The defects of the prior clean steel smelting process are as follows:
1) MnO/SiO generated by combining deoxidized alloy with oxygen (precipitation deoxidation)2/Al2O3And the products are the source of the largest impurities generated in the molten steel, are very difficult to remove in the refining process, and can seriously affect the quality of steel products due to improper treatment. Most steel grades inherently require Mn, Si, Al and other elements, and the precipitation deoxidation process causes a great amount of waste of alloy elements.
2) In order to keep the temperature of the molten steel in the upper continuous casting up to the standard, a mode of raising the tapping temperature of a primary smelting furnace and heating in the external refining process is generally adopted. The tapping temperature of the primary smelting furnace is increased, the molten steel peroxidation is aggravated, and potential safety hazards exist; in the conventional external refining device, except for the electrode heating and temperature rise of LF, the temperature rise of other equipment is realized by adding exothermic agents such as Al and Si and blowing chemical heat generated by oxygen, so that the quality of molten steel is seriously influenced.
3) For steel grades with high nitrogen content requirements, the electrode heating process of the LF can cause nitrogen increase of the molten steel.

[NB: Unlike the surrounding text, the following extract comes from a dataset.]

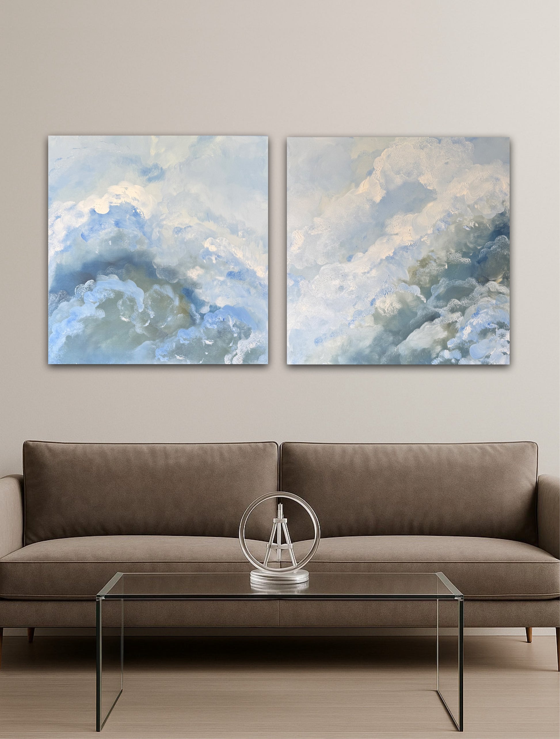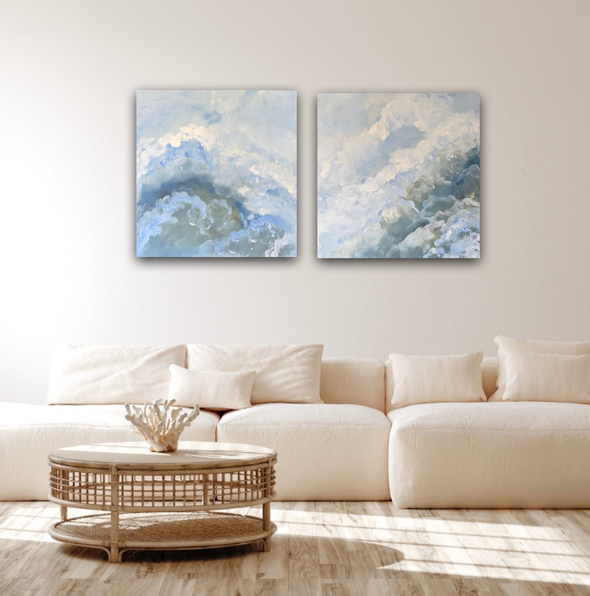 A serene diptych featuring soft blue, seafoam and cloud-like hues. The two pieces flow together like rolling waves, creating movement and tranquility. Perfect for adding light and calmness to any space.

SUMMERY OF THE UTILITY MODEL
In view of this, the utility model aims at providing an induction heating single-nozzle vacuum refining furnace, reach from the source control endogenous inclusion, the purpose of the continuous casting temperature on the stable control molten steel.
In order to achieve the above purpose, the utility model provides a following technical scheme:
an induction heating single-nozzle vacuum refining furnace comprises a vacuum chamber, a vacuum feeding system and a vacuum pumping pipeline which are arranged on the vacuum chamber and are introduced into the vacuum chamber, a single-nozzle dip pipe which is arranged on one side of the vacuum chamber and is communicated with the vacuum chamber, a steel container matched with the single-nozzle dip pipe, and an electromagnetic induction coil matched with the steel container.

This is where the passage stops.